*Input material*:
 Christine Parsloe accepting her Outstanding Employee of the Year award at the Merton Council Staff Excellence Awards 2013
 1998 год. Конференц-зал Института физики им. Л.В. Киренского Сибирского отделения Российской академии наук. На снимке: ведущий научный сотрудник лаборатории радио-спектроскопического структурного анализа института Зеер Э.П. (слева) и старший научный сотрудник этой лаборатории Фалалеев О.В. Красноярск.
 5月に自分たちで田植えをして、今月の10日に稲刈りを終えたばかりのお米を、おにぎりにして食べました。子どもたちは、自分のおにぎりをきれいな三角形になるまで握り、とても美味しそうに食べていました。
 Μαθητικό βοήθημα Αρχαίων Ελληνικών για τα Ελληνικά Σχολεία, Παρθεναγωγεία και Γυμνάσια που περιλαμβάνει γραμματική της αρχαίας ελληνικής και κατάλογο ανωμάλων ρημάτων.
...
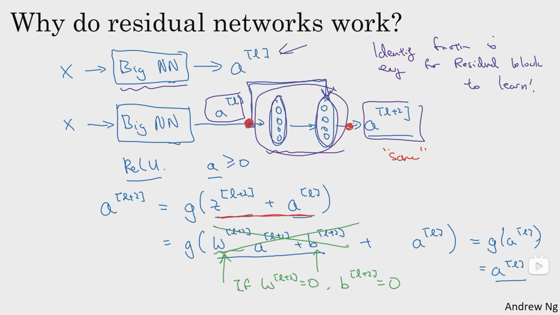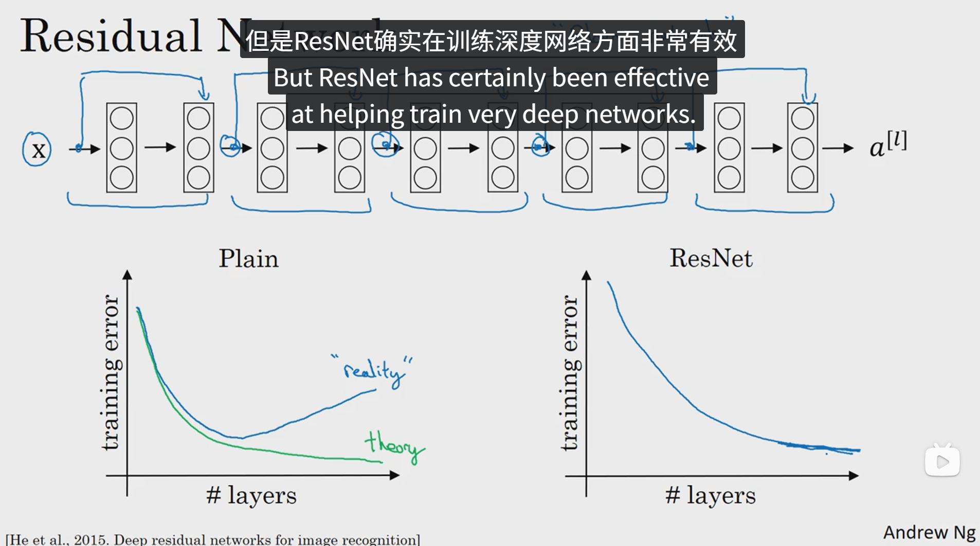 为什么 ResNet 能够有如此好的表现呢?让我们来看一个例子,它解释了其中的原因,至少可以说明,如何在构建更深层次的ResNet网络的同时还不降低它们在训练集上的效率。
--
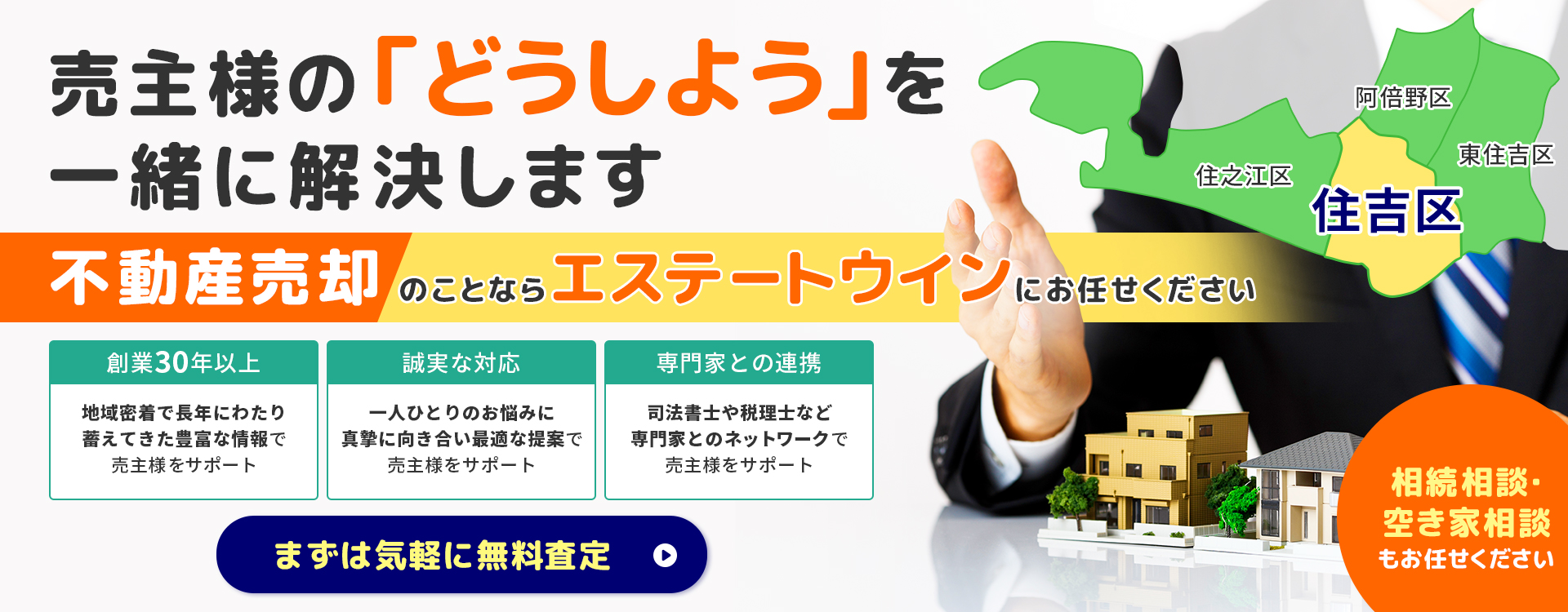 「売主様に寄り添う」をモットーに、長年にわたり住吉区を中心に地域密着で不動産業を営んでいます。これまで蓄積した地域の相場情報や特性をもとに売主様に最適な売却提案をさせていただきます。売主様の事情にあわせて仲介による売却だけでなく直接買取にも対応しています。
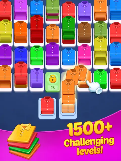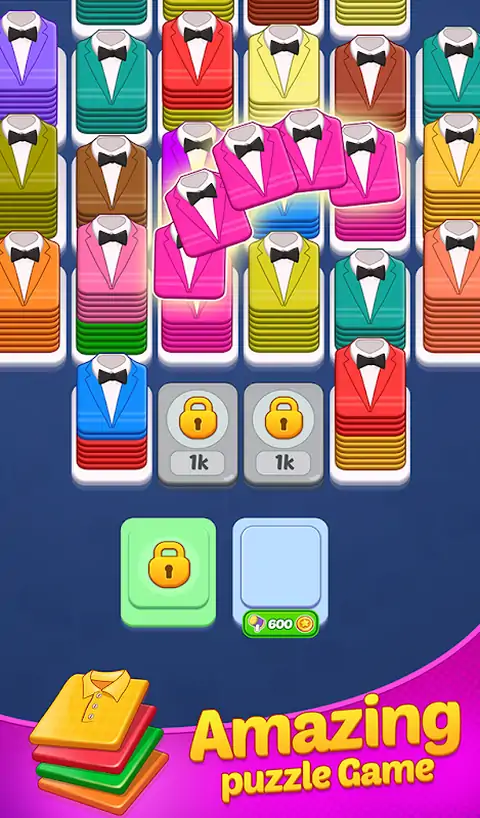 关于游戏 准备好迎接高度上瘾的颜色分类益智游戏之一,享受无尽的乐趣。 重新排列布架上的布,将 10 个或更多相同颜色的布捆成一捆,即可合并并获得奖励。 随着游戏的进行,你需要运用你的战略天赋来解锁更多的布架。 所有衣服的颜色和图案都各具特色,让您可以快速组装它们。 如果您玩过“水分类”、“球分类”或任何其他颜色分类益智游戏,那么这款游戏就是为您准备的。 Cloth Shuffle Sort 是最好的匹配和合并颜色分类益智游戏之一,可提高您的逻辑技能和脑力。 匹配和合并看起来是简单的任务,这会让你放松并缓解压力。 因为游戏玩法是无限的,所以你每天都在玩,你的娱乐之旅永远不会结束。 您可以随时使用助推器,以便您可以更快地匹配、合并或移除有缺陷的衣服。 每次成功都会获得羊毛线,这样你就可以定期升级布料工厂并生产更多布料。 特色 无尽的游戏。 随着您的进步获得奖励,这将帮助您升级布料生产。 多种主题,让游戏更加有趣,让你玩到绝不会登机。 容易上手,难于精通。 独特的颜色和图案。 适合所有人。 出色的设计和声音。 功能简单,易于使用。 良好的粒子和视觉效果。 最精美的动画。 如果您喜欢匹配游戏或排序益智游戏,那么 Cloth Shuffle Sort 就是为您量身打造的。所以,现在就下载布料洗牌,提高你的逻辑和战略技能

*Exercise brief*: All that is needed is the exact run of lines above from the line containing "Christine Parsloe accepting" through the line containing "Μαθητικό βοήθημα Αρχαίων", both of them included.

*Solution for this problem*:
 Christine Parsloe accepting her Outstanding Employee of the Year award at the Merton Council Staff Excellence Awards 2013
 1998 год. Конференц-зал Института физики им. Л.В. Киренского Сибирского отделения Российской академии наук. На снимке: ведущий научный сотрудник лаборатории радио-спектроскопического структурного анализа института Зеер Э.П. (слева) и старший научный сотрудник этой лаборатории Фалалеев О.В. Красноярск.
 5月に自分たちで田植えをして、今月の10日に稲刈りを終えたばかりのお米を、おにぎりにして食べました。子どもたちは、自分のおにぎりをきれいな三角形になるまで握り、とても美味しそうに食べていました。
 Μαθητικό βοήθημα Αρχαίων Ελληνικών για τα Ελληνικά Σχολεία, Παρθεναγωγεία και Γυμνάσια που περιλαμβάνει γραμματική της αρχαίας ελληνικής και κατάλογο ανωμάλων ρημάτων.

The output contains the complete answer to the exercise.